(Data shown begins)

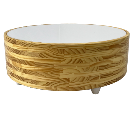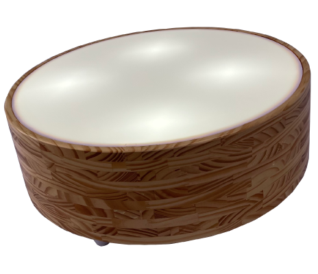 Confeccionado com tabua pinus blank maciça, acrílico 4mm translucido, bivolt e lâmpadas brancas de led, fio com interruptor embutido. Acabamento selador atóxico e lustração dupla.
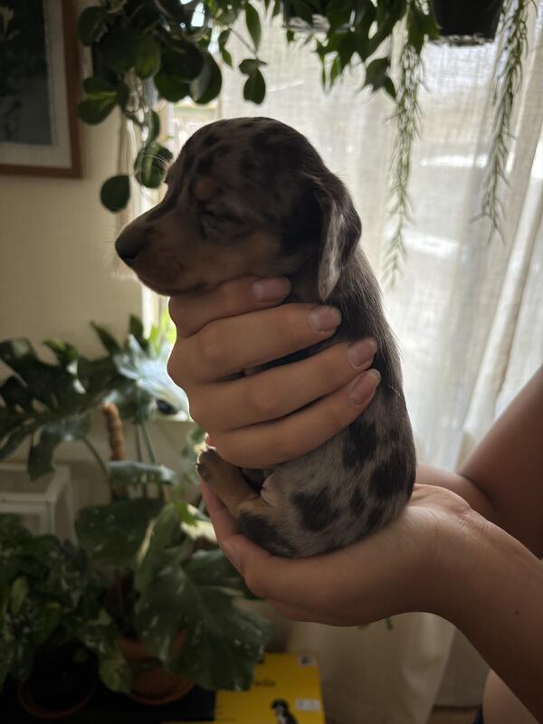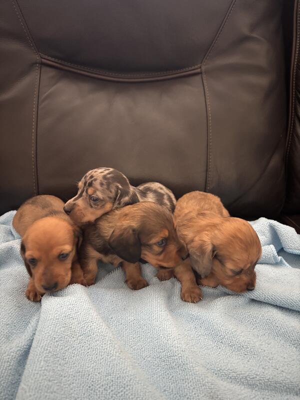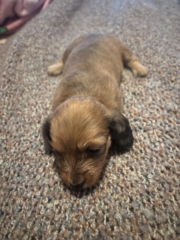 message zeesdoxies about this ad I have two long hair dachshunds and two short hair puppies available. They were born 5/23 and just turn 4 weeks . Both parents are AKC registered. We had families from all over California come and buy a puppy from us . So you can trust that you will get a beautiful purebred dachshund. Please contact me for more information or to set up an appointment to see them in person. 909 685 7728 |
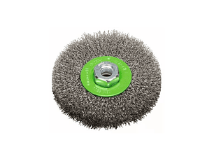 Apropriada para trabalhos de limpeza difíceis com velocidades periféricas elevadas em superfícies pequenas, em sulcos ou arestas em aço inoxidável, alumínio ou metais não-ferrosos em aço inoxidável, como remover ferrugem acentuada, remover o verniz, remover as escórias do metal, rebarbar, decapar, limpar costuras de solda.
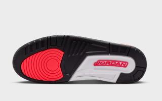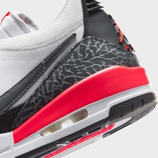 Everything on the Air Jordan-inspired model—developed with input from Chicago's Don C—sees a heritage-informed build. Mixed-materials construction across the upper is divvied up in a "White/Infrared 23/Black/Cool Grey" color scheme that nods to Nike, Inc. designs from the past. The pair's boldest hue animates branding on the vamp strap, spine, and tongue, while also landing right above the visible Air unit borrowed from the Air Jordan 3.
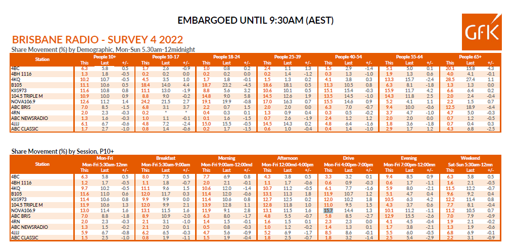 在2022年第四次GfK地铁广播收视率调查中(从4月17日星期日到6月25日星期六),该电台在布里斯班的广播份额又一次大幅上升,比上一本书增加了1.4个百分点,在10岁以上人群中占12.6%的份额,再次保持了第一的位置。
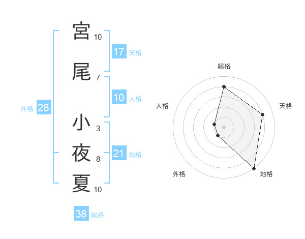 宮尾 小夜夏さんの総格は38画の4点!
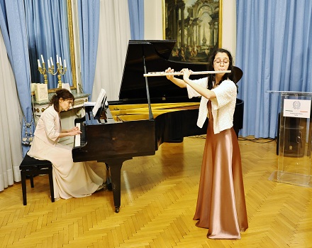 Giovedì, 12 dicembre, l’Ambasciatore d’Italia in Bulgaria Marcello Apicella, in collaborazione con l’Ambasciatrice d’Austria, Andrea Ikić-Bohm, ha ospitato presso la Residenza italiana un concerto della flautista Avigea Delivicheva e della pianista Maria Delivicheva. Il concerto in Residenza rappresenta il tradizionale punto d’arrivo del Concorso Internazionale Flautistico “Moyse”, organizzato dalla Prof.ssa Luisa Sello della Nuova Università Bulgara (“NBU”) con il sostegno dell’Ambasciata d’Italia in Bulgaria, dell’Istituto Italiano di Cultura di Sofia e di Confindustria Bulgaria. Il Concorso si è concluso nel luglio scorso proprio con il successo di Avigea e Maria Delivicheva, vincitrici del premio dedicato alla memoria del celebre flautista svizzero Conrad Klemm.
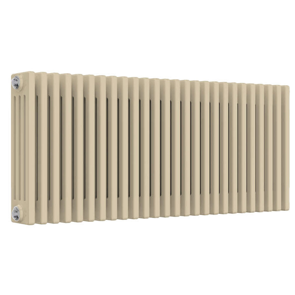 Reina's 500mm x 1010mm Colona 4 Column Horizontal Radiator is specifically designed for central heating systems and helps provide a comfortable temperature throughout the year. With its Light Ivory finish, this radiator provides a striking alternative to classic white radiators. Featuring a delicate, warm off-white colour with a subtle yellow undertone, it harmonises with various style trends, including traditional, Scandinavian, and contemporary, adding a touch of timeless beauty to any space.
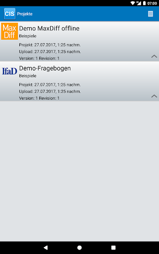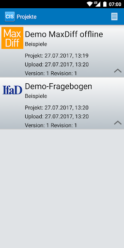 Für unsere Beispiel-Fragebogen laden Sie die App, drücken den Update-Button oben rechts, wählen “Projekte aktualisieren” und geben die folgenden Login-Daten ein:
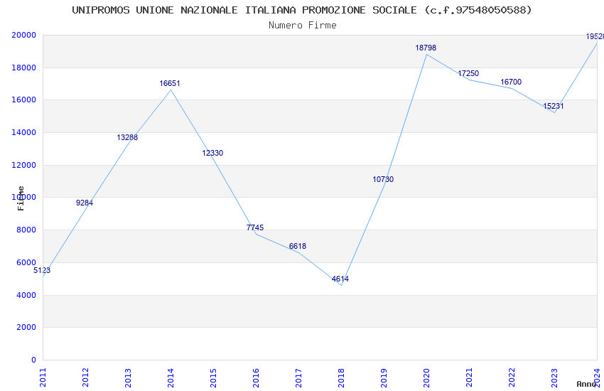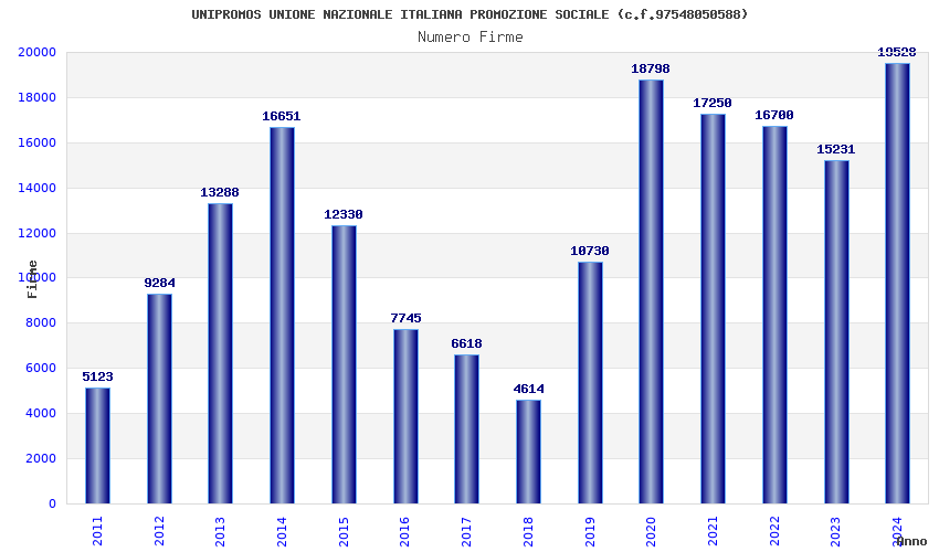 | Anno | Firme | Importi | Media | Naz. | Reg. | Prov. | Comu. |
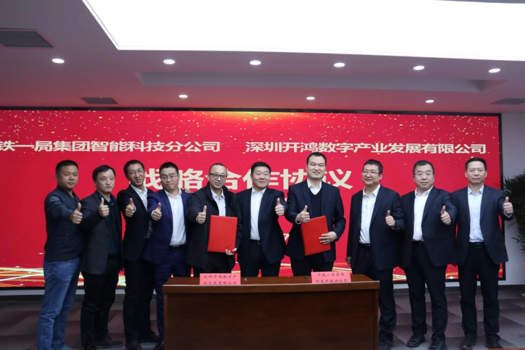 1月17日,中铁一局智能科技分公司与深圳开鸿数字产业发展有限公司签署战略合作协议。深开鸿高级副总裁、市场体系总裁解伟俊、鸿安系统部总经理罗启,中铁一局战略规划部部长吴硕平、高级专家管德鹏、智能公司党总支书记孟峰、总经理袁勇峰出席签约仪式。
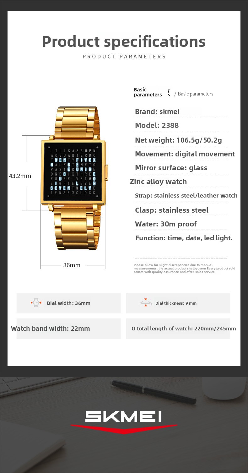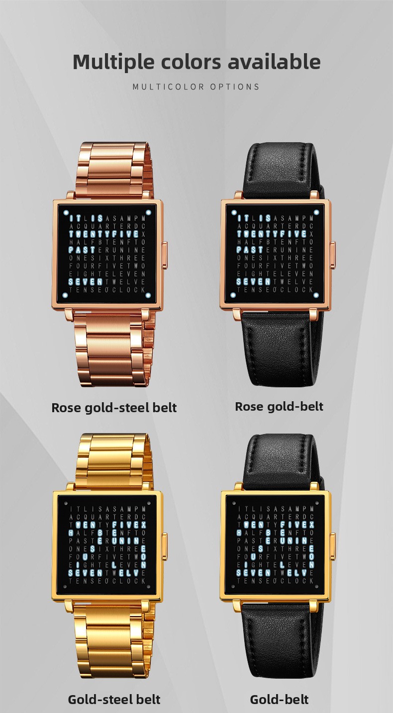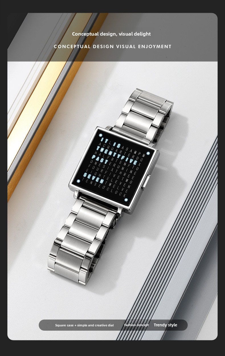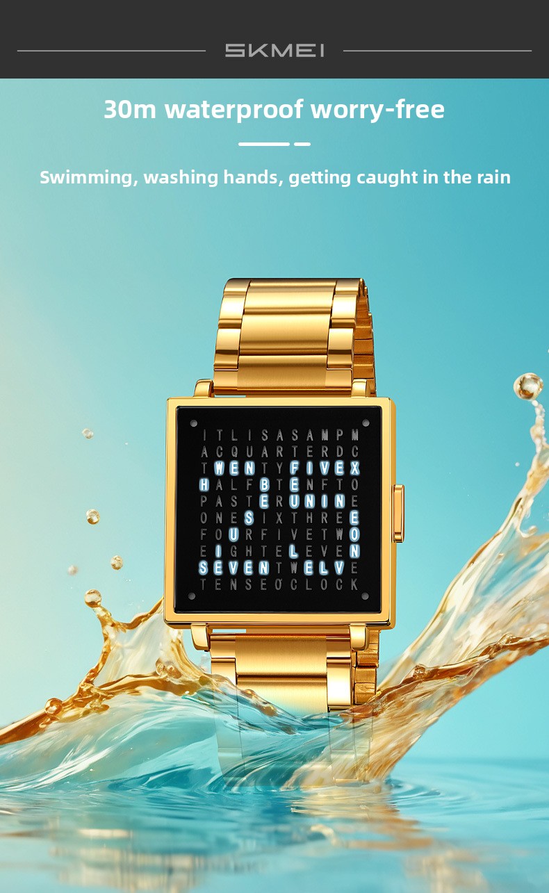 Tell time like no one else with the SKMEI Word Clock Watch ? one of the most unique and conversation-starting timepieces you'll ever wear. Instead of hands or digits, this creative square-dial watch displays the time in illuminated words across a sleek black letter-grid face. Paired with a premium black leather strap and a polished silver square case, it's the perfect fusion of art, design, and function. A guaranteed talking point on any wrist ? ideal as a gift or a personal statement piece.
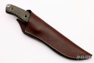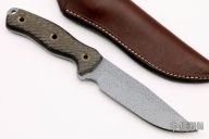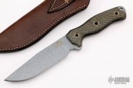 This Ratmandu by Swamp Rat Knives features gray coated clip point blade, .198" Blade Stock and 1.386" Blade Depth, full tang construction. The handle is contoured OD Green micarta scales. Includes a brown leather sheath and a padded zippered case.  Excellent Condition.
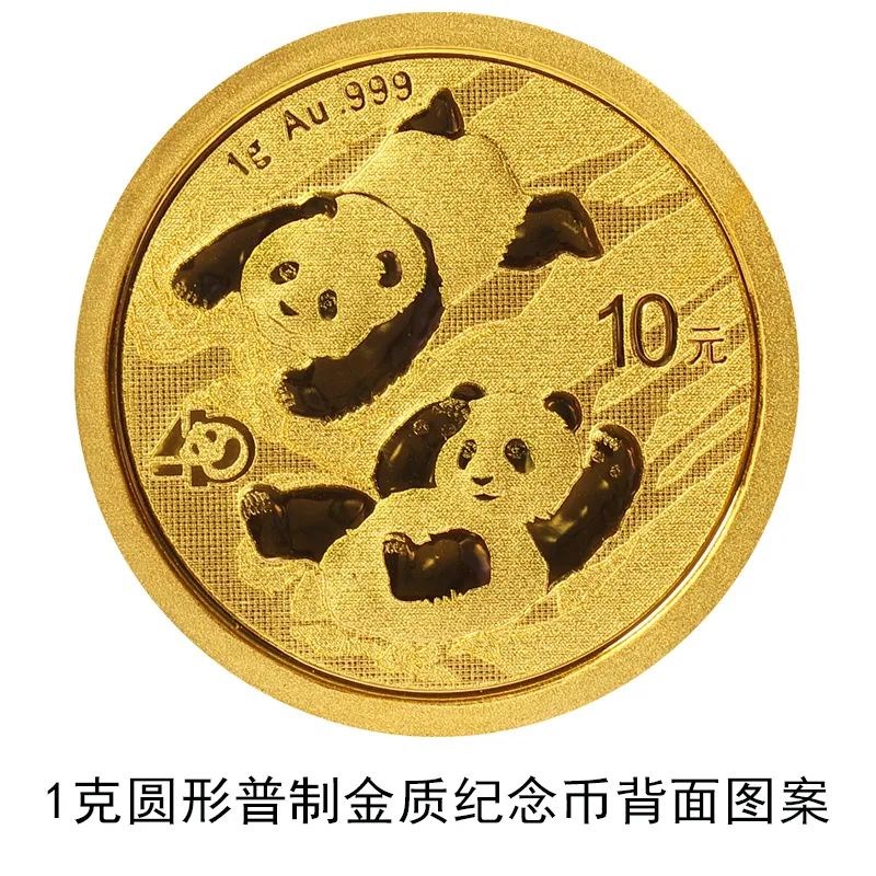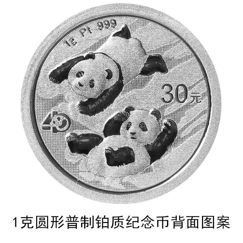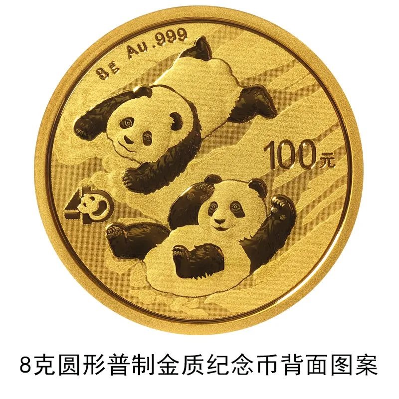 該套貴金屬紀(jì)念幣正面圖案均為北京天壇祈年殿,并刊國(guó)名、年號(hào);背面圖案均為大熊貓滑雪嬉戲場(chǎng)景,輔以“熊貓金幣發(fā)行40周年標(biāo)識(shí)”元素,并刊面額、重量及成色。
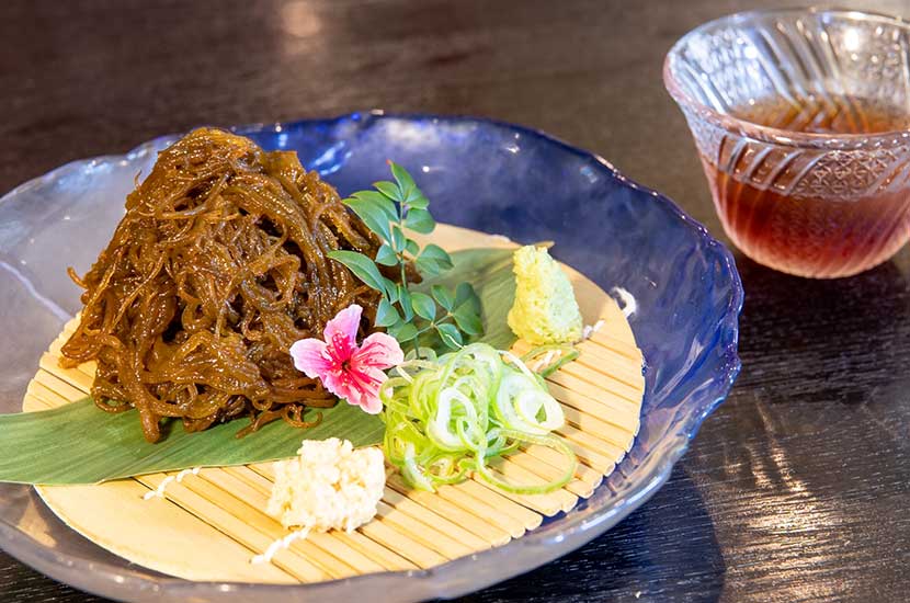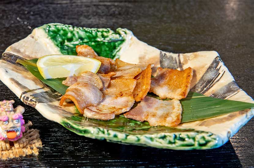キビまる豚の脂は融点が低く、口の中に入れるとすぐにとろけ、甘い脂が広がります。しゃぶしゃぶはぜひ食べて頂きたい逸品。その他の沖縄料理もジーマミー豆腐、もずく天ぷら、海ぶどうなど、沖縄を代表する料理を各種取り揃えており、お一人様でもお気軽に御来店下さい。
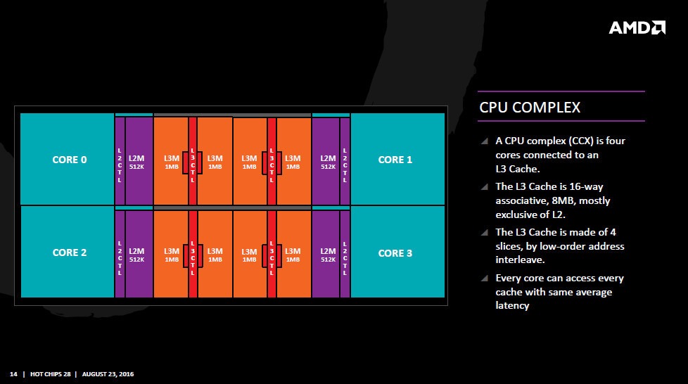 طبق اطلاعات منتشر شده توسط AMD، پردازنده های 7 نانومتری این شرکت از چهار بلوک پردازشی بهره می برد که هر بلوک می تواند هشت هسته پردازشی را مدیریت کند. همچنین ارتباط میان هسته های پردازشی و حافظه L3 Cache توسط 16 مسیر پوشش داده می شود. برای کاهش زمان تاخیر در برقراری ارتباط میان هسته های پردازنده و حافظه نهان، حافظه L3 Cache به 4 بخش تقسیم می شود تا هر بلوک یا مجموعه پردازنده CCX به صورت مستقیم با یک واحد از Cache لینک شود.
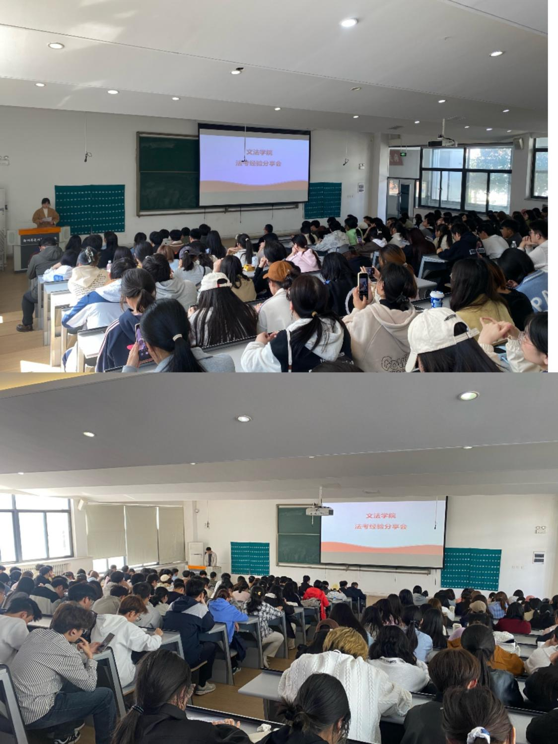 21级法学本科1班曹璨与2班的刘家铭两位优秀毕业生代表进行了精彩的法考经验分享。他们从备考规划、资料选择、时间管理、心态调整等多个维度,系统全面地介绍了自己的成功经验,为备考法考的学弟学妹们提供了参考。
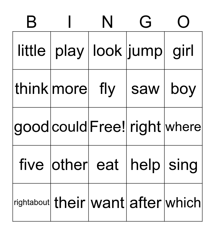 This bingo card has a free space and 29 words: rightabout, before, could, first, little, look, more, other, right, their, where, which, want, after, boy, day, eat, five, girl, good, help, read, saw, think, jump, play, sing, fly and us.
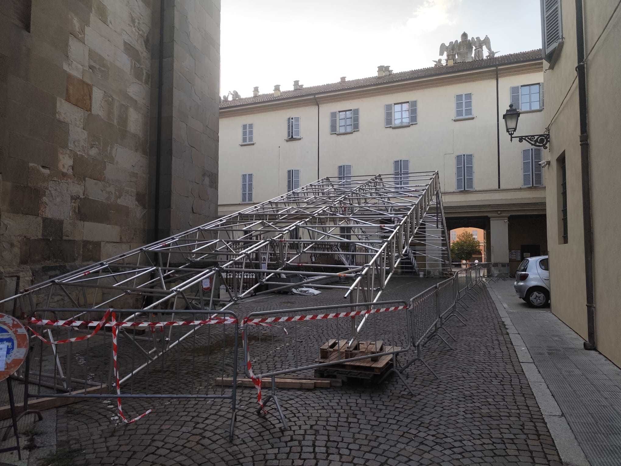 L'impalcatura sulla facciata della cattedrale - © Libertà/Elisabetta Paraboschi
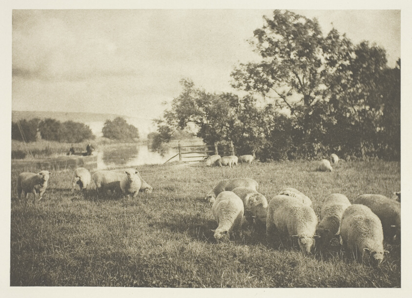 Wellington's pastoral study exemplifies the pictorialist aesthetic, using soft focus and careful composition to create painterly effects in the photogravure medium.
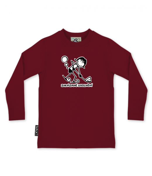 Vyrábíme udržitelné oblečení UAX! - ručně šité v Česku uaxDěti uaxLyžařská kolekceTričkaTRIČKA SKRATCHILD PLUSpotisk 1059 - ZAKÁZANÉ UVOLNĚNÍDARK RED
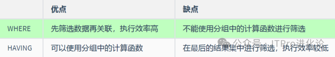 WHERE 可以直接使用表中的字段作为筛选条件,但不能使用分组中的计算函数作为筛选条件;HAVING 必须要与 GROUP BY 配合使用,可以把分组计算的函数和分组字段作为筛选条件。 如果需要通过连接从关联表中获取需要的数据,WHERE 是先筛选后连接,而 HAVING 是先连接后筛选。
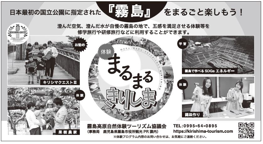 澄んだ空気、澄んだ水が自慢の霧島の地で、五感を満足させる体験等を修学旅行や研修旅行などに利用することができます。
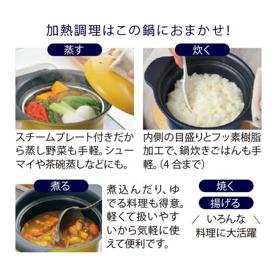 スチームプレート付きだから蒸し野菜も手軽。シューマイや茶碗蒸しなどにも。煮込んだり、ゆでる料理も得意。軽くて扱いやすいから気軽に使えて便利です。

(Data shown ends)

Task instructions: Find the line with "Für unsere Beispiel-Fragebogen" in the data above, and from there retype each line exactly through the line with "1月17日,中铁一局智能科技", skipping the pictures along the way.

Task response:
 Für unsere Beispiel-Fragebogen laden Sie die App, drücken den Update-Button oben rechts, wählen “Projekte aktualisieren” und geben die folgenden Login-Daten ein:
 | Anno | Firme | Importi | Media | Naz. | Reg. | Prov. | Comu. |
 1月17日,中铁一局智能科技分公司与深圳开鸿数字产业发展有限公司签署战略合作协议。深开鸿高级副总裁、市场体系总裁解伟俊、鸿安系统部总经理罗启,中铁一局战略规划部部长吴硕平、高级专家管德鹏、智能公司党总支书记孟峰、总经理袁勇峰出席签约仪式。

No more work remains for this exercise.